__Exercise directions__
For the material below, the expected output is exactly the lines between the line holding "Во Скопје времето" and the line holding "ニックスファン集まれ! 自分の生きざまを誇れ。 職人魂を起動させる腰袋ブランド「KNICKS」から防寒着が登場。", inclusive, with pictures left out.

__Records shown__
════

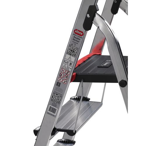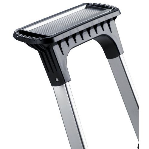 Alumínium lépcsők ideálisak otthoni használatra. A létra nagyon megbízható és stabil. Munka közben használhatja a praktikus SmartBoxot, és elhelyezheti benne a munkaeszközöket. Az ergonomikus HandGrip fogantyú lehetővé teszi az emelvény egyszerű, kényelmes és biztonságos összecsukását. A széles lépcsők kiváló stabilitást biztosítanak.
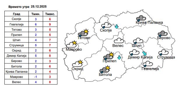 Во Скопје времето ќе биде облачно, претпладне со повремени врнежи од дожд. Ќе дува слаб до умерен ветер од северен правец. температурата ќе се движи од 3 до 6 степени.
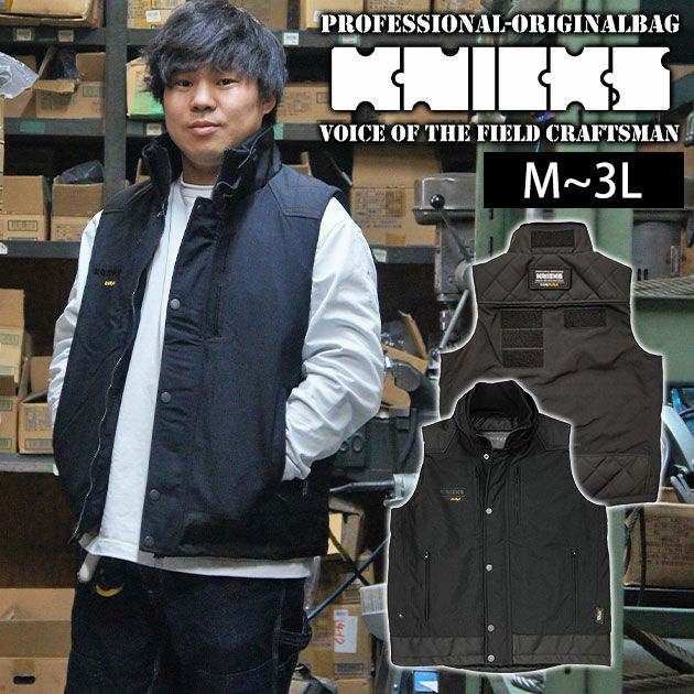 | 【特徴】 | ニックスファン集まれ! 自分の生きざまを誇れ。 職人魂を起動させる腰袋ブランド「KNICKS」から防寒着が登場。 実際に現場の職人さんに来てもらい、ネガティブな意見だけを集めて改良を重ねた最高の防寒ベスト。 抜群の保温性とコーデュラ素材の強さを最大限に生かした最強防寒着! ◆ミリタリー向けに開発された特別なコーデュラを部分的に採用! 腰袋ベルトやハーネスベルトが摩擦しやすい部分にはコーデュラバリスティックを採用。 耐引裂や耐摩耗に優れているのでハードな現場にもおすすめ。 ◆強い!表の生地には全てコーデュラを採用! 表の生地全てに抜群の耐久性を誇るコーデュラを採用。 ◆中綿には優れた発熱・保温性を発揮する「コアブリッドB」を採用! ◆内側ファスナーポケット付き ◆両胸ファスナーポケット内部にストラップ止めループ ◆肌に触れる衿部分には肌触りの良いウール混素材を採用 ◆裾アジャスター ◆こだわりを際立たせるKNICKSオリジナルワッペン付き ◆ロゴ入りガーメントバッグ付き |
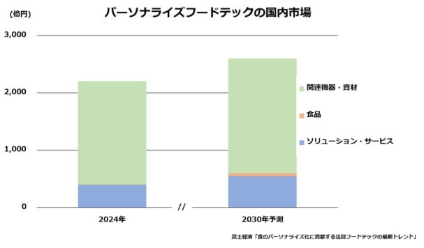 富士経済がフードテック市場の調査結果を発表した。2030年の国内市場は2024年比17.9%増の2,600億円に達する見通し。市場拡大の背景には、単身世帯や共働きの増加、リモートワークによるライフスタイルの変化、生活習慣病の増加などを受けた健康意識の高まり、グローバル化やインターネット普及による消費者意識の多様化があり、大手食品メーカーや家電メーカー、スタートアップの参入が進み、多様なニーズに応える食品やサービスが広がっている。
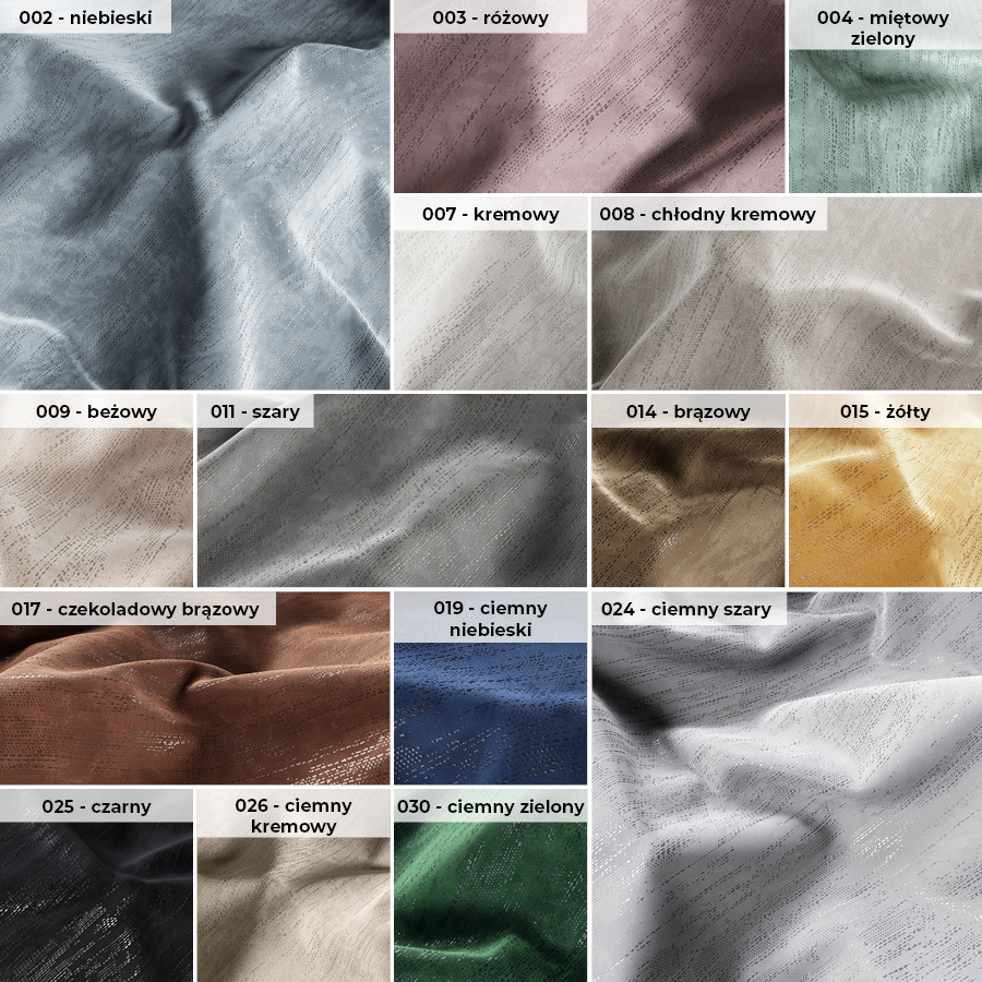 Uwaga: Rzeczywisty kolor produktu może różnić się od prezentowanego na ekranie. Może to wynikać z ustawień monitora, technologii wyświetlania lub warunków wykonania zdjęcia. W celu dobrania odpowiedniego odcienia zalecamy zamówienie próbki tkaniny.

════

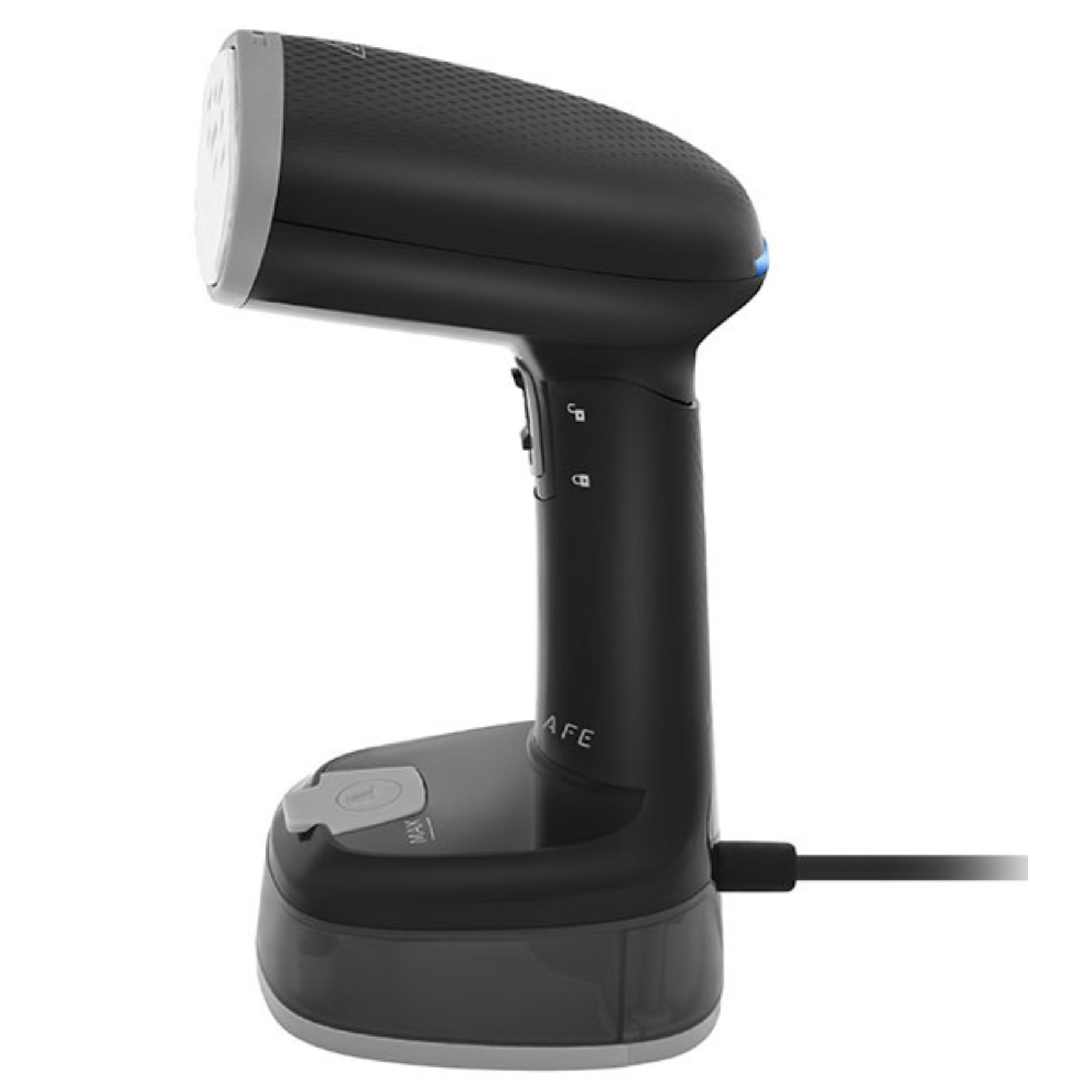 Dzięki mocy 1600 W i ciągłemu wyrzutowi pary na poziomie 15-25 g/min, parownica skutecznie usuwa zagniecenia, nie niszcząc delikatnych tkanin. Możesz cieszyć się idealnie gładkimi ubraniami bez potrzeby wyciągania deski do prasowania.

════

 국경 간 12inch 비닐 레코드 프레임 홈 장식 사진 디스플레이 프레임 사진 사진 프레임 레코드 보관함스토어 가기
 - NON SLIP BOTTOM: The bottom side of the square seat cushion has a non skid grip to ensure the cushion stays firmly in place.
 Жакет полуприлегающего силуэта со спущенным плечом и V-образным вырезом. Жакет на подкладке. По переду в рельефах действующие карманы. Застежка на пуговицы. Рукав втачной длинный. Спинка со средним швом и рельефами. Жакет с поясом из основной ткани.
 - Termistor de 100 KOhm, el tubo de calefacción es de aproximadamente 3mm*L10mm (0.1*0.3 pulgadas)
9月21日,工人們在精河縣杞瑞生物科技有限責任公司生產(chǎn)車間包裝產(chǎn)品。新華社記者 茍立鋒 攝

════

__Solution for this problem__
 Во Скопје времето ќе биде облачно, претпладне со повремени врнежи од дожд. Ќе дува слаб до умерен ветер од северен правец. температурата ќе се движи од 3 до 6 степени.
 | 【特徴】 | ニックスファン集まれ! 自分の生きざまを誇れ。 職人魂を起動させる腰袋ブランド「KNICKS」から防寒着が登場。 実際に現場の職人さんに来てもらい、ネガティブな意見だけを集めて改良を重ねた最高の防寒ベスト。 抜群の保温性とコーデュラ素材の強さを最大限に生かした最強防寒着! ◆ミリタリー向けに開発された特別なコーデュラを部分的に採用! 腰袋ベルトやハーネスベルトが摩擦しやすい部分にはコーデュラバリスティックを採用。 耐引裂や耐摩耗に優れているのでハードな現場にもおすすめ。 ◆強い!表の生地には全てコーデュラを採用! 表の生地全てに抜群の耐久性を誇るコーデュラを採用。 ◆中綿には優れた発熱・保温性を発揮する「コアブリッドB」を採用! ◆内側ファスナーポケット付き ◆両胸ファスナーポケット内部にストラップ止めループ ◆肌に触れる衿部分には肌触りの良いウール混素材を採用 ◆裾アジャスター ◆こだわりを際立たせるKNICKSオリジナルワッペン付き ◆ロゴ入りガーメントバッグ付き |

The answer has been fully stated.